Extract exactly and only the lines from the one containing "Set di 4 ganci" through the end of the entries below. Pictures should not appear in the copy.

[[ Dataset, beginning ]]

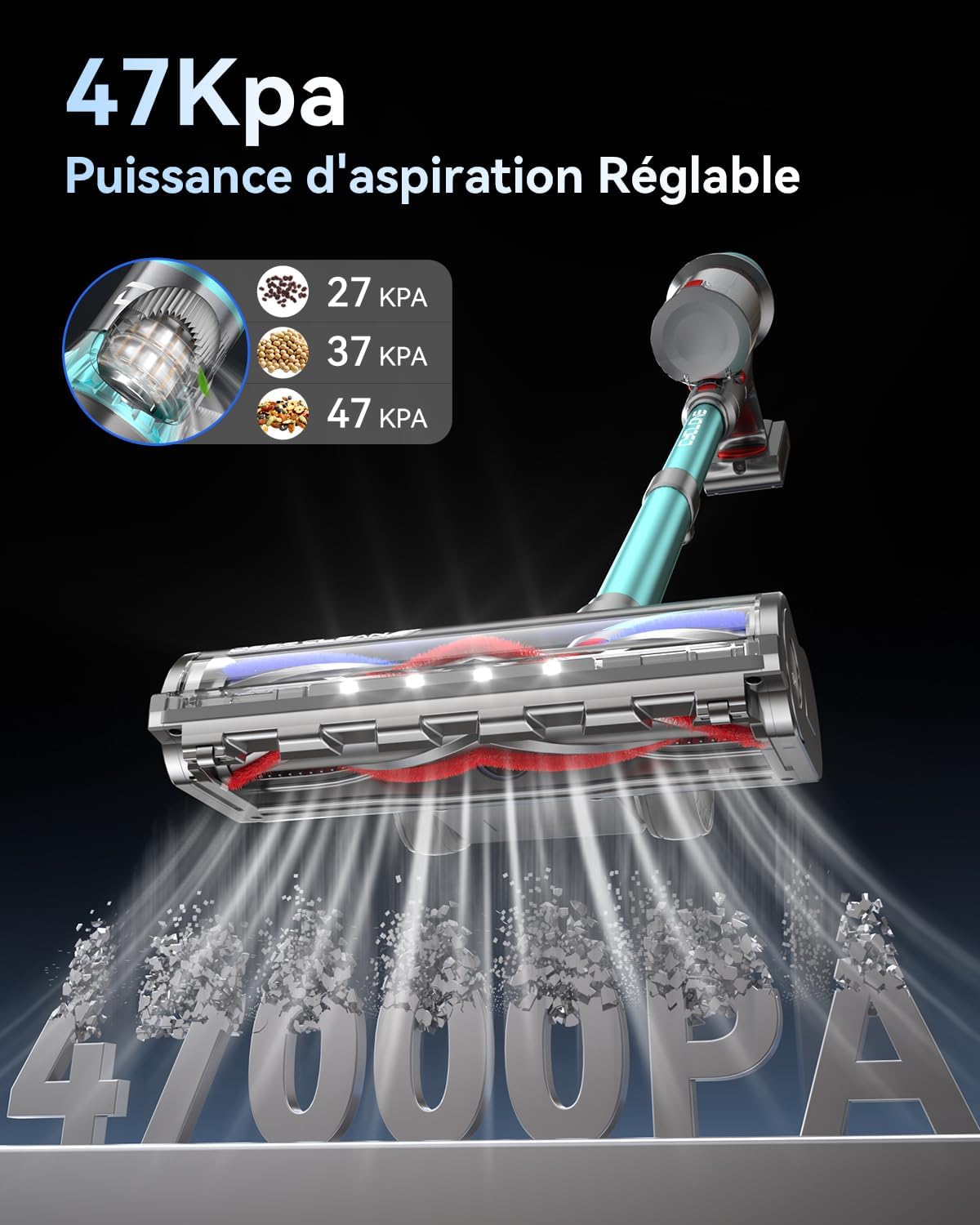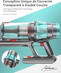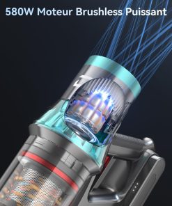 - Moteur sans Balais Haute Performance de 580W: L’aspirateur balai sans fil YU7 est doté d’un moteur sans balais haute performance de 580W, fournissant une puissance d’aspiration allant jusqu’à 47 KPa. Il permet de nettoyer facilement les parquets, carrelages et tapis, avec une efficacité de nettoyage considérablement améliorée.
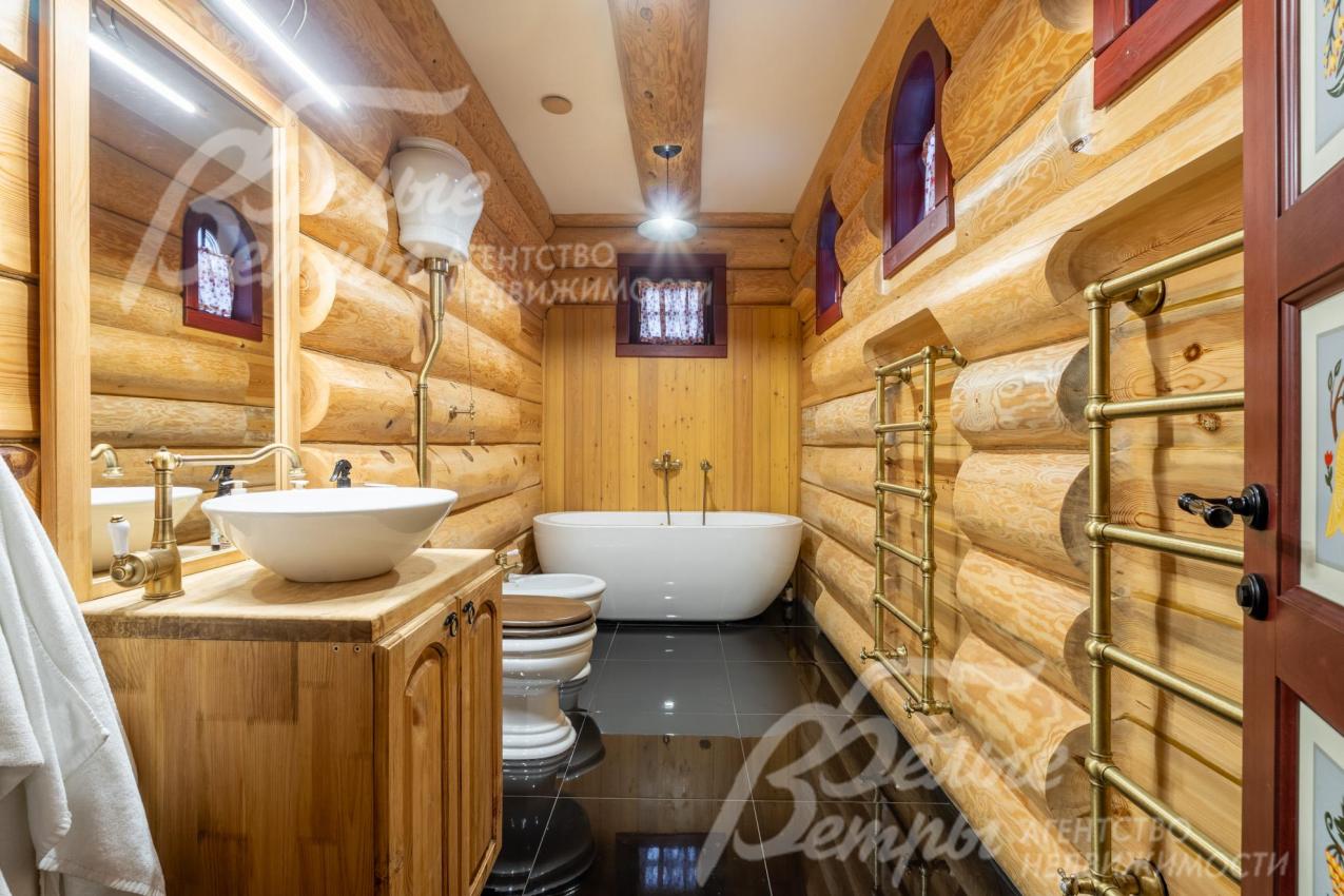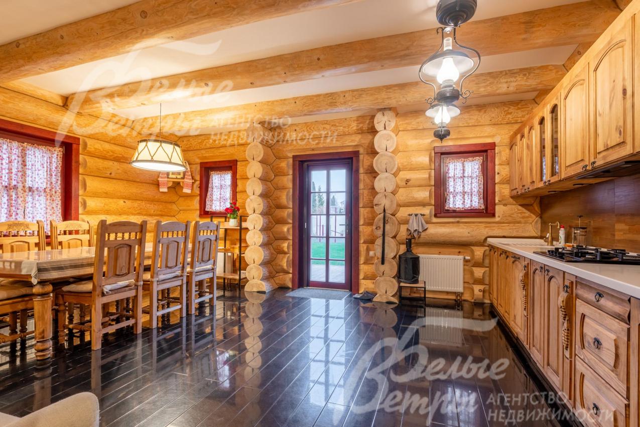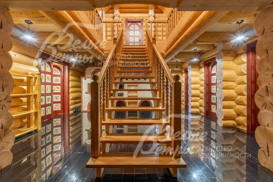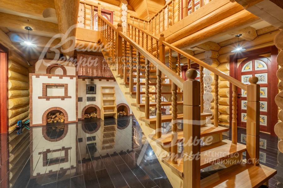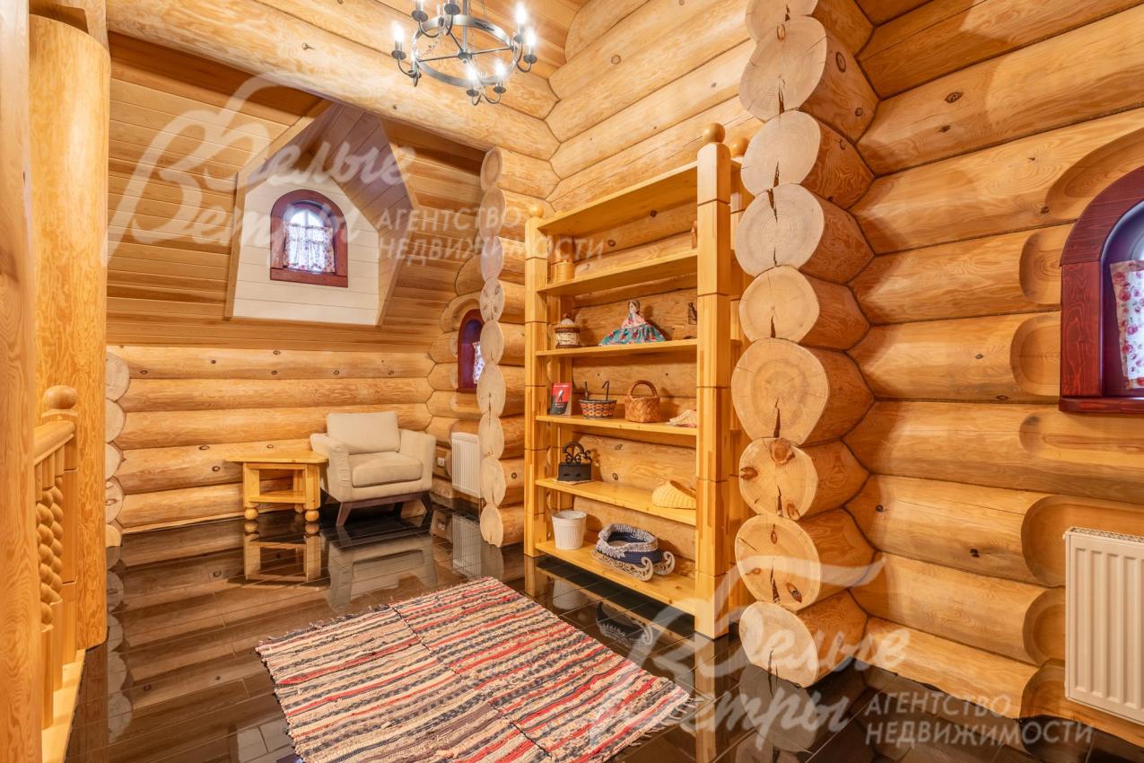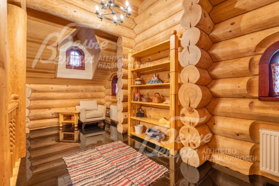 Дом-сказка! Выполненный в старорусской стилистике, из бревна вологодской сосны ручной рубки и шлифовки. При этом дом отвечает всем современным требованиям! При строительстве и отделке применялись лучшие и новейшие материалы и технологии. Все спальни – с собственными санузлами, гардеробными и балконами. Применена эффективная звукоизоляция. Практически все элементы дома делались по индивидуальным проектам, декор ручной работы и художественная роспись, элитные импортные отделочные материалы. В доме настоящая русская печь с большой лежанкой. Отдельно стоящая баня и дровяная чан-бочка. Уличная кухня под навесом в старорусском стиле с разными способами приготовления блюд. Аутентичные беседка и колодец. Участок находится в обжитом коттеджном посёлке в 300 м от леса и каскада прудов.
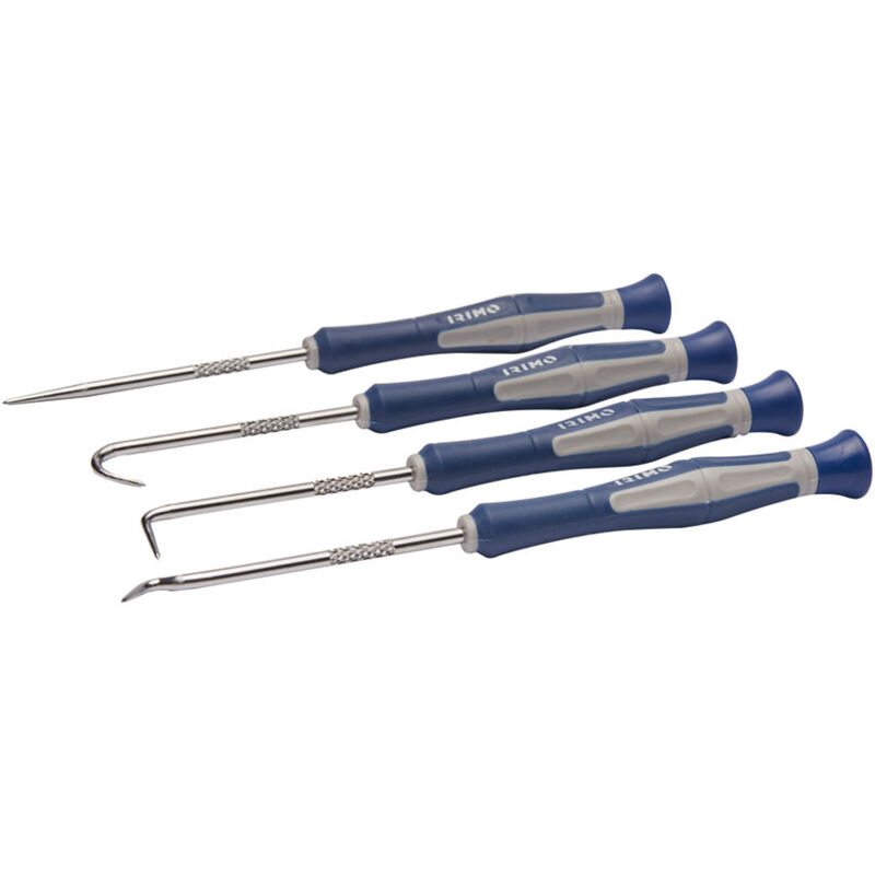 Set di 4 ganci irimo 722-4-1. utilizzati per l'installazione o la rimozione di molle e o-ring, per la pulizia di scanalature, ecc. comprende: gancio dritto, gancio angolare, gancio pieno e gancio a 90°. impugnatura morbida bi-componente. lunghezza: 170 mm. lame in acciaio al carbonio e punte temprate.
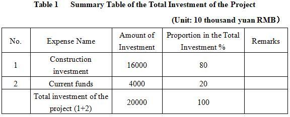 1.3 Total investment of the project and capital raising
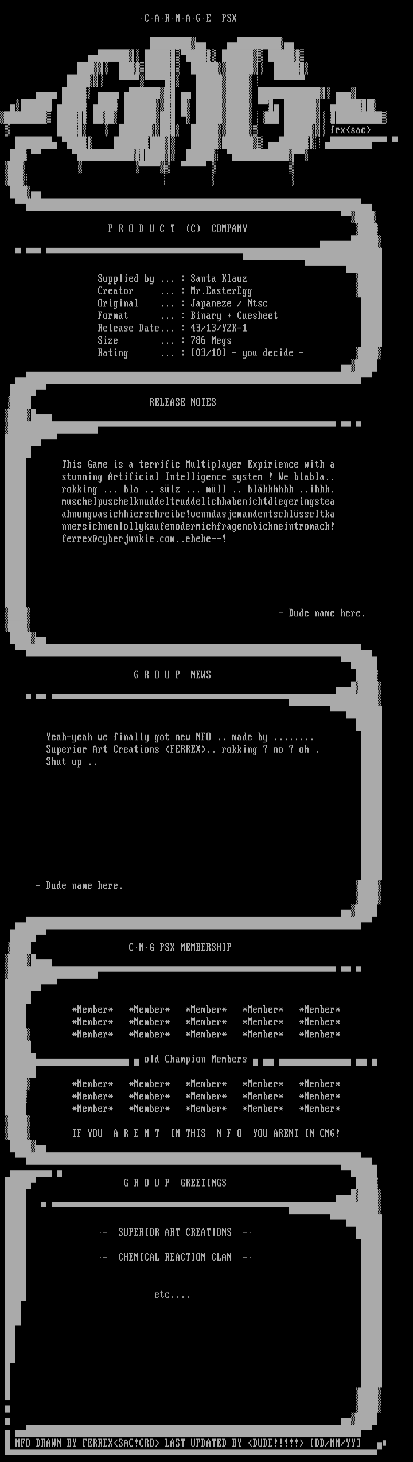 NFO DRAWN BY FERREXSAC!CRO LAST UPDATED BY DUDE!!!!! DD/MM/YY
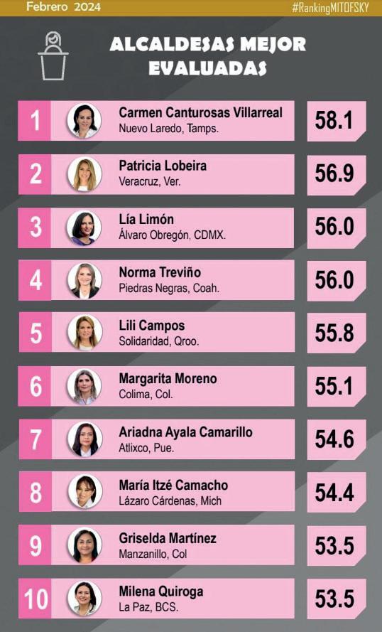 Se posicionó en el séptimo lugar dentro del rango de alcaldesas

[[ Dataset, end ]]

### Answer to this problem
 Set di 4 ganci irimo 722-4-1. utilizzati per l'installazione o la rimozione di molle e o-ring, per la pulizia di scanalature, ecc. comprende: gancio dritto, gancio angolare, gancio pieno e gancio a 90°. impugnatura morbida bi-componente. lunghezza: 170 mm. lame in acciaio al carbonio e punte temprate.
 1.3 Total investment of the project and capital raising
 NFO DRAWN BY FERREXSAC!CRO LAST UPDATED BY DUDE!!!!! DD/MM/YY
 Se posicionó en el séptimo lugar dentro del rango de alcaldesas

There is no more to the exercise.